The second dividing step includes a dicing step. In the dicing step, the strip bar is diced perpendicular to the first cleaved surface (first dicing step). The strip bar is thus diced to a predetermined depth from one side face (first cleaved surface), reversed 180 degrees, and diced from the other side face (second dicing step) to complete the dividing of the strip bar. In this case, the mark formed on the surface (semiconductor layer forming surface) of strip bar can allow the easy and accurate positioning for the first and second dicing steps. By thus dicing the strip bar from the opposite side-face directions, stress to the substrate or semiconductor layer can be reduced.
In the above embodiment method (1), the gallium oxide substrate is made by slicing a bulk crystal obtained by the known method such as EFG and FZ into a wafer, and has β structure in gallium oxide crystal. In case of β-Ga2O3 substrate, the substrate surface (on which to form the group III nitride-base compound semiconductor layer) is selected to have (100), (010), (001) or (801) plane. The strong cleavage property appears on the (100) and (010) planes. The β-Ga2O3 is conductive and transparent regardless of its plane direction.
A high crystalline-quality group III nitride-base compound semiconductor layer can be epitaxially grown on the gallium oxide substrate. The group III nitride-base compound semiconductor is represented by a general formula: AlxGayIn1-X-YN (0≦X≦1, 0≦Y≦1, 0≦X+Y≦1) as a four-element system, and includes a two-element system such as GaN and InN, and a three-element system such as AlXGa1-XN, AlXIn1-XN and GaXIn1-XN (for all 0<X<1). A part of the group III element can be replaced by boron (B), thallium (Ta) etc., and a part of nitrogen (N) can be replaced by phosphorous (P), arsenic (As), antimony (Sb), bismuth (Bi) etc.
A semiconductor layer except the group III nitride-base compound semiconductor layer can be also grown on the gallium oxide substrate.
(2) According to another embodiment of the invention, a semiconductor element comprises:
a substrate formed of gallium oxide and comprising a predetermined plane direction; and
a semiconductor layer formed on the substrate,
wherein the semiconductor element is in chip form and further comprises a first end face formed along a cleaved surface of the substrate and a second end face formed perpendicular to the first end face, and
the first end face comprises a stronger cleavage property than the second end face.
In the above embodiment (2), the following modifications and changes can be made.
(i) The substrate is formed of β-Ga2O3.
(ii) The second end face is formed by dicing.

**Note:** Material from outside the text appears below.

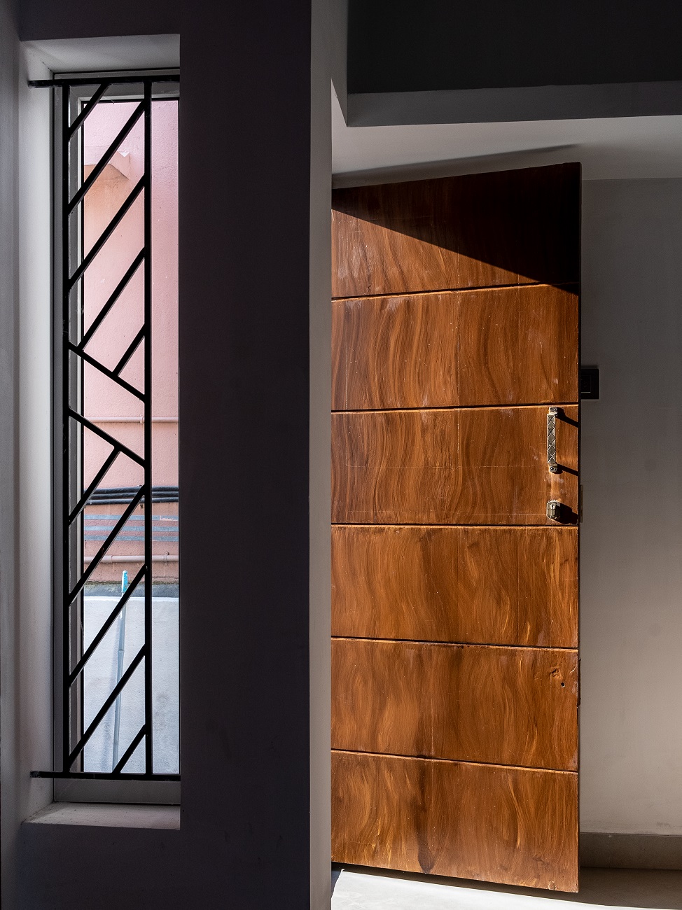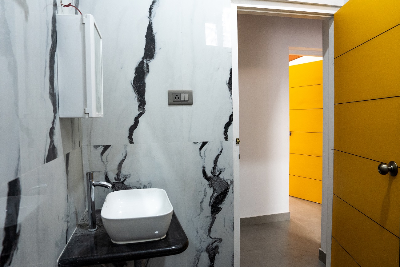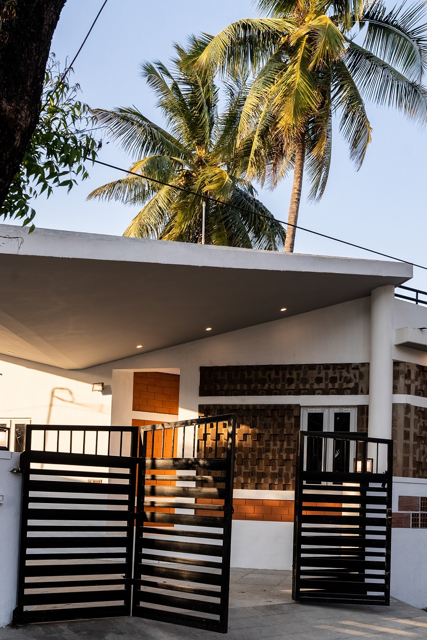 The walls are aligned in the north east to south west axis creating the wind flow without any hindrance. The entry is facing the south west direction having a small court in front of the house with the swing area and cutout on top followed by the main entrance.

(iii) The second end face is formed by a laser processing to irradiate a laser light with a predetermined wavelength.
(iv) The predetermined plane direction comprises at least one of (100), (001), (010) and (801) plane directions.

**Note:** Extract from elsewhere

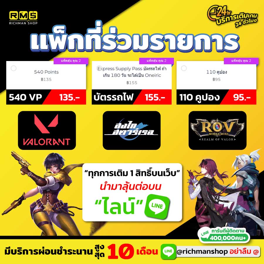 - Valorant แพ็ก 540Vp เติมเสร็จลุ้นต่อ จำนวน 50 รางวัล

(3) According to another embodiment of the invention, a method of making a semiconductor element comprises the steps of:
forming a semiconductor layer on a gallium oxide substrate with a predetermined plane direction;
cleaving the gallium oxide substrate into a strip bar along a cleaved surface thereof; and
cutting the strip bar in a direction perpendicular to the cleaved surface by using a process except the cleaving.
In the above embodiment (3), the following modifications and changes can be made.
(v) The process comprising a dicing process.
(vi) The process comprising a laser processing to irradiate a laser light with a predetermined wavelength.
(vii) The predetermined wavelength comprises a wavelength of less than 400 nm.
(viii) The predetermined wavelength comprises a wavelength obtained by the laser light comprising a YAG third harmonic wave or excimar laser.
(ix) The predetermined plane direction comprises at least one of (100), (001), (010) and (801) plane directions.
(4) According to another embodiment of the invention, a method of making a semiconductor element comprises:
an element forming step that a first conductivity type semiconductor layer and a second conductivity type semiconductor layer are on a substrate formed of gallium oxide (Ga2O3); and
a dicing step that the substrate with the first and second conductivity type semiconductor layers is divided into the semiconductor element by applying a plurality of dicing processes for each diced portion.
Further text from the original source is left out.